A practical governance move is to maintain an internally releasable “OSINT truth layer”: what commercial sources can show, how reliable they are, and the common pitfalls. This lets operators plan realistically without leaking mission-specific details.

6. Build resilience to “dark ship” logic, because adversaries will use it too

The same tools that help you map an OOB also help adversaries run illicit logistics, gray-zone fishing, or covert staging. The research on dark ship detection emphasizes that AIS shutdowns and spoofing create blind spots, and that multi-sensor methods are designed precisely to address them. (Li et al. 2025)

That is not just a maritime law enforcement problem. It is an OOB stability problem.



Bottom line

Commercial SAR, AIS, and RF mapping have pushed naval visibility into a new era: not perfect transparency, but enough persistent observation to make “pattern security” a real operational discipline. States that respond by overclassifying will mostly hurt themselves. States that respond by engineering selective denial, emission discipline, and smarter internal sharing will blunt OSINT inference while staying operationally agile.



Main takeaway

Open source OOB is now an inference game powered by mismatch detection. Counter it by denying inference and protecting intent, not by trying to classify the ocean.

Sources

Androjna, Andrej, Marko Perkovič, Ivica Pavić, and Jakša Mišković. 2021. “AIS Data Vulnerability Indicated by a Spoofing Case Study.”
Applied Sciences 11 (11): 5015. https://doi.org/10.3390/app11115015.

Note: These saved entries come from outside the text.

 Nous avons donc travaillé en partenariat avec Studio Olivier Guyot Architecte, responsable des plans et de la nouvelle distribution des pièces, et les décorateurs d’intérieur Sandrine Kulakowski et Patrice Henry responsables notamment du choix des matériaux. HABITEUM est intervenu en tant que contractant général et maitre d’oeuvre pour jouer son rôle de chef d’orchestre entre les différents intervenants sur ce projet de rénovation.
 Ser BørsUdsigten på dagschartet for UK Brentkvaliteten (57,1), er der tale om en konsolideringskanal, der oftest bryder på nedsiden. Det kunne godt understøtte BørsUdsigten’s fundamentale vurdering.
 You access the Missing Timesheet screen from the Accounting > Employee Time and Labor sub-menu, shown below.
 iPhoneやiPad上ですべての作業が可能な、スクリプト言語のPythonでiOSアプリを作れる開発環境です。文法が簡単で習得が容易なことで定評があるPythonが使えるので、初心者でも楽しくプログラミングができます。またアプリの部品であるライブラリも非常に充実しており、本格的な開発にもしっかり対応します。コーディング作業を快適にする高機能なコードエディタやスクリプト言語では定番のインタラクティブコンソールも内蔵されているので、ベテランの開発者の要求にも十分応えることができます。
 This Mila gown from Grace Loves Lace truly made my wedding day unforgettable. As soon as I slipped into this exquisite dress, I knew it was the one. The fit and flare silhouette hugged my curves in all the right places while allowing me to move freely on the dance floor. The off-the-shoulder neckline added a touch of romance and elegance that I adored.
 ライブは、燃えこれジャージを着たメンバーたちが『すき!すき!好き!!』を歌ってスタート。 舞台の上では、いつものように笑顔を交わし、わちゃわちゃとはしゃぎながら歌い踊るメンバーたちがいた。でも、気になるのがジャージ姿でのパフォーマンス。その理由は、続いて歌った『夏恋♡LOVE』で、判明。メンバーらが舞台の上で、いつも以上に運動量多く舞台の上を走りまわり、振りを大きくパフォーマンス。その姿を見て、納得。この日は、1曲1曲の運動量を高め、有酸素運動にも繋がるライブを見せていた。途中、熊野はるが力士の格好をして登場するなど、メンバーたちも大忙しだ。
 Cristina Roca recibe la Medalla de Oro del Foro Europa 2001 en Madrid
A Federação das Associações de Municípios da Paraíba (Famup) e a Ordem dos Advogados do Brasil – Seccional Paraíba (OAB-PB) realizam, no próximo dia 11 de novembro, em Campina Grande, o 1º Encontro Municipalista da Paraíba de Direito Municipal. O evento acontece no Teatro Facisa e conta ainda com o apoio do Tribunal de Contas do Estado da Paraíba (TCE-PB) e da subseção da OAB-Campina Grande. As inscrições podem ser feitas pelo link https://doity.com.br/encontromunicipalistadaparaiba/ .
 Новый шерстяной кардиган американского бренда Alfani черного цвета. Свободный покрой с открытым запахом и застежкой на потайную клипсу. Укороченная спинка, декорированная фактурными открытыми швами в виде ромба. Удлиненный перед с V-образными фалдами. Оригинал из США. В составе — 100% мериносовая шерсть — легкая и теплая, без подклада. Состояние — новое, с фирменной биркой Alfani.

Chen, Lihang, Zhuhua Hu, Junfei Chen, and Yifeng Sun. 2025. “SVIADF: Small Vessel Identification and Anomaly Detection Based on Wide Area Remote Sensing Imagery and AIS Data Fusion.”
Remote Sensing 17 (5): 868. https://doi.org/10.3390/rs17050868.

Li, Fan, Kun Yu, Chao Yuan, Yichen Tian, Guang Yang, Kai Yin, and Youguang Li. 2025. “Dark Ship Detection via Optical and SAR Collaboration: An Improved Multi-Feature Association Method Between Remote Sensing Images and AIS Data.”
Remote Sensing 17 (13): 2201. https://doi.org/10.3390/rs17132201.

Yan, Zhenguo, Xin Song, Lei Yang, and Yitao Wang. 2022. “Ship Classification in Synthetic Aperture Radar Images Based on Multiple Classifiers Ensemble Learning and Automatic Identification System Data Transfer Learning.”
Remote Sensing 14 (21): 5288. https://doi.org/10.3390/rs14215288.

Rodger, M., and R. Guida. 2019. “Data Association Techniques for Near Contemporaneous SAR and AIS Datasets from NovaSAR 1.” In
IGARSS 2019: IEEE International Geoscience and Remote Sensing Symposium, 700 to 703.